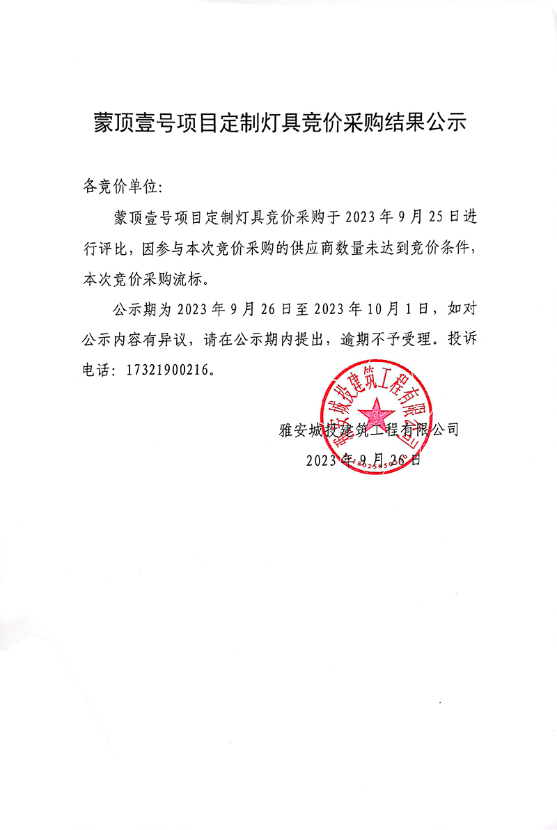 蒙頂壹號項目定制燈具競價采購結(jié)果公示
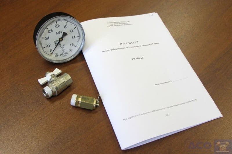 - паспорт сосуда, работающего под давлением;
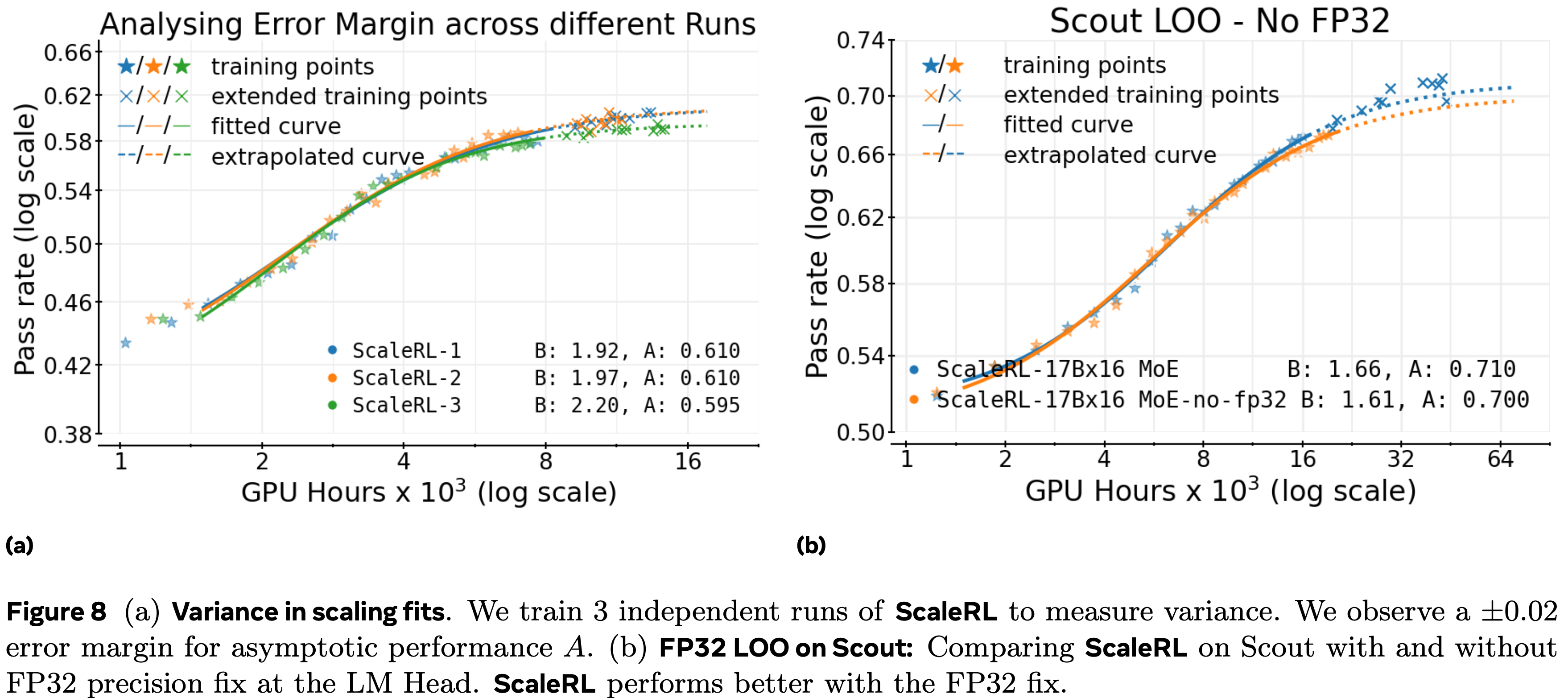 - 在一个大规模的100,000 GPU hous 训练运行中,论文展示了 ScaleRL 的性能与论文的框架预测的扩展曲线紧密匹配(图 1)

* * *

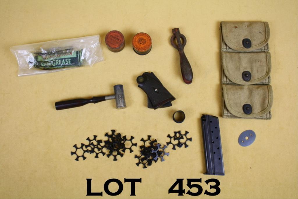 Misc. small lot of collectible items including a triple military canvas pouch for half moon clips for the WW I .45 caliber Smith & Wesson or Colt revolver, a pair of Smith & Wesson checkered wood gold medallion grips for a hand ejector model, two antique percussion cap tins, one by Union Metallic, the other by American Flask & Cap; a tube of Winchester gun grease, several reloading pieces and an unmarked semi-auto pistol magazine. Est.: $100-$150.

---

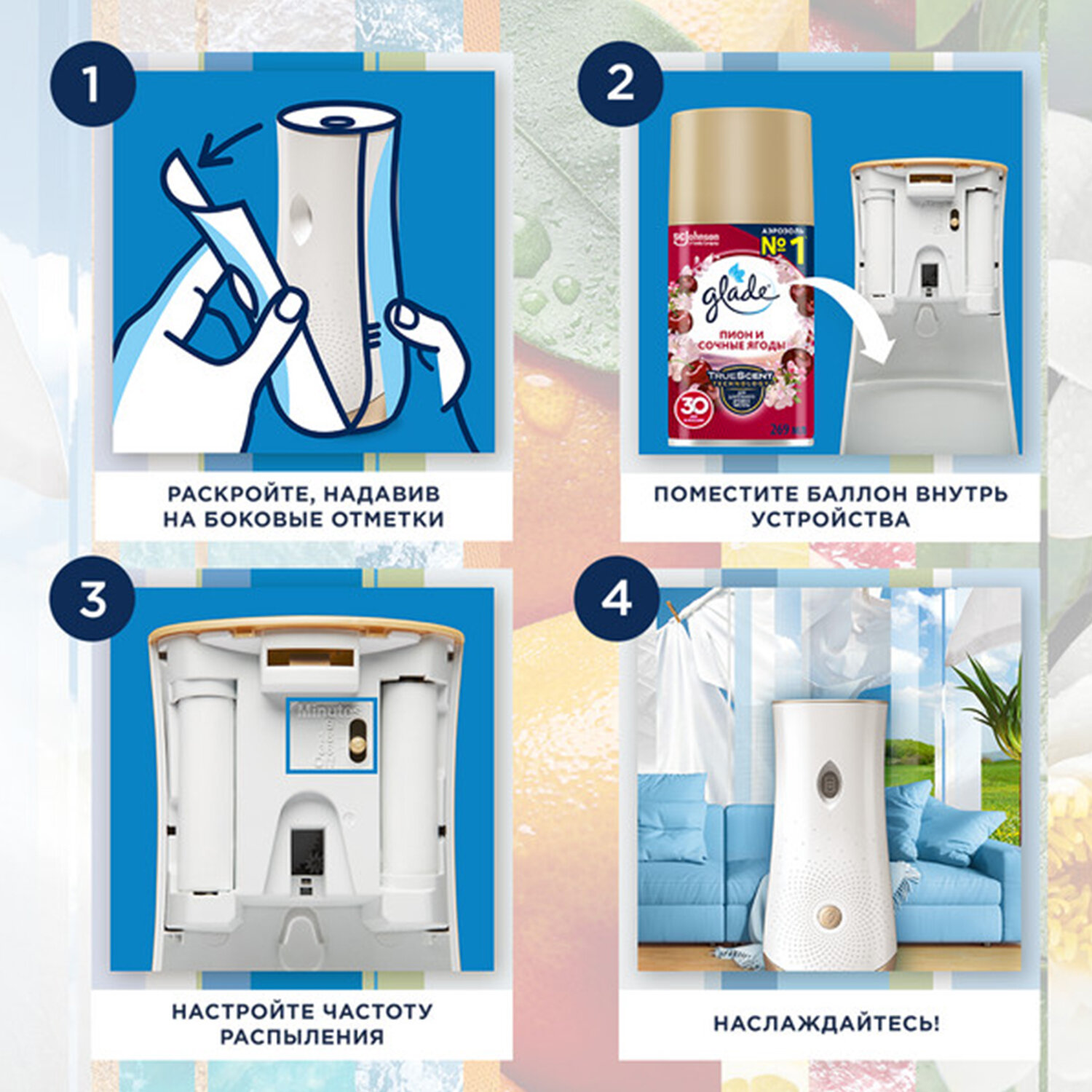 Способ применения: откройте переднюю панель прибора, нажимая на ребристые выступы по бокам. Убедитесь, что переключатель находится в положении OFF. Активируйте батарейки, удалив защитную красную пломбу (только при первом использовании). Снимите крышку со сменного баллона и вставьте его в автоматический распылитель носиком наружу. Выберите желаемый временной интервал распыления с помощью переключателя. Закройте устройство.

[Work to complete]
Range to copy from the listing above: the line containing "蒙頂壹號項目定制燈具競價采購結(jié)果公示" down to the line containing "- 在一个大规模的100,000 GPU", both included. Reproduce it exactly, minus the pictures, and add nothing.

[Solution below]
 蒙頂壹號項目定制燈具競價采購結(jié)果公示
 - паспорт сосуда, работающего под давлением;
 - 在一个大规模的100,000 GPU hous 训练运行中,论文展示了 ScaleRL 的性能与论文的框架预测的扩展曲线紧密匹配(图 1)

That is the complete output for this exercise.